As the other answers describe, the top level elements of foo are arrays, so if you want to look at the values in them, you can use recursion:

 var foo = []; foo[0] = []; foo[1] = []; foo[0][0] = []; foo[0][1] = []; foo[1][0] = []; foo[1][1] = []; foo[0][0][0] = "kanon"; foo[0][0][1] = "JOJO"; foo[0][1][0] = "Dio"; foo[0][1][1] = "Sort"; foo[1][0][0] = "What"; foo[1][0][1] = "Gary"; foo[1][1][0] = "Tofu"; foo[1][1][1] = "bili"; var foo2 = ["JOJO","JOJO","mon","ti","JOJO"]; function isJOJO(x){ if(Array.isArray(x)){ return x.every(isJOJO); }else if(x === "JOJO"){ console.log(x + " is JOJO."); return true; }else{ console.log(x + " is not JOJO."); return false; } } console.log(foo.every(isJOJO)); console.log(foo2.every(isJOJO)); 

Answer 5

Javascript does not do multi-dimensional arrays per se. It does arrays of arrays to the nth degree. So in your case your foo is an array of arrays and each subarray is an array of arrays.

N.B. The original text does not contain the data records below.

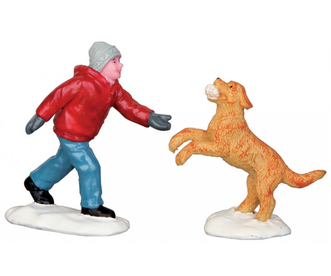 This two piece set includes a young boy playing catch with his dog for sand tray. Measures 2.20" tall. Made of polyresin.
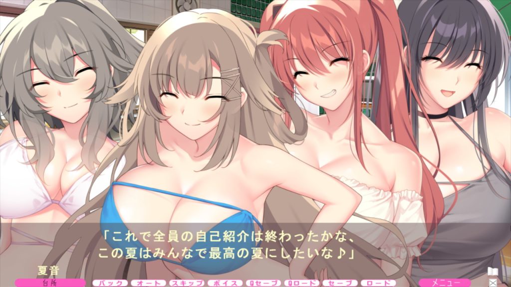 『エンジョイサマー マキシマム』はそのタイトル名のとおり、真夏が舞台のADVだ。プレイヤーは商店街の福引で無人島リゾートの旅を当てた主人公、杉本良一として夏を謳歌。さまざまな偶然が重なって民宿に集まった4人のお姉さんヒロインとエッチメインのコミュニケーションを重ねていくことになる。
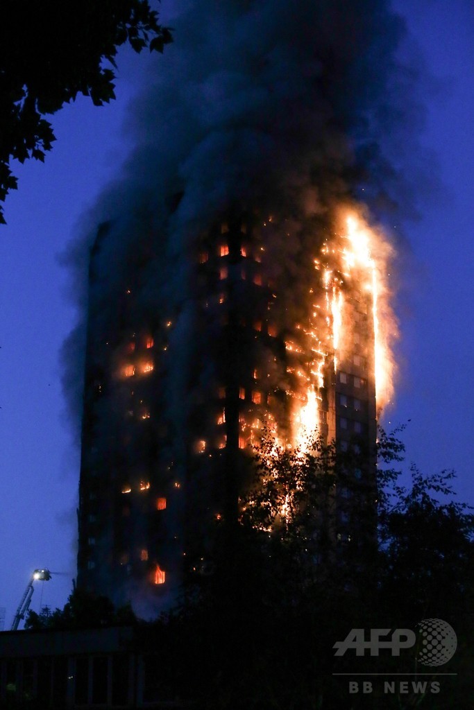 【6月14日 AFP】(更新、写真追加)英ロンドン(London)西部の24階建て高層住宅で14日未明、大規模な火災が発生し、ロンドン市消防局(London Fire Brigade)は、複数の死者が出ていると発表した。また、救急当局によると少なくとも30人が病院に搬送され、複数の住民が建物内に取り残されているとみられる。

The values that get passed to your isJOJO function when you call foo.every(isJOJO) are therefore an array of arrays. That is why it is not identical to "JOJO".

You will want to test if the value passed into the function is an array or not and if it is, to run: x.every(isJOJO).

Answer 6

The answer posted by Barmar explains in clear terms why the code doesn't work. Start there.

To recursively find elements in your multi-dimensional array, you can write a deepEvery function:

function deepEvery(array, condition) {
  const results = []

  for (let item of array) {
    if (Array.isArray(item)) {
      // Handle internal arrays with a recursive call:
      for (let subitem of deepEvery(item, condition)) results.push(subitem)

    } else {
      // Handle single items by testing the condition:
      if (condition(item)) results.push(item)
    }
  }

  return results
}

For example:

const array = [
  [
    ["foo", "bar"]
  ],
  [ "foo" ],
  "foo"
]

console.log(deepEvery(array, x => x === 'foo'))
# ['foo', 'foo', 'foo']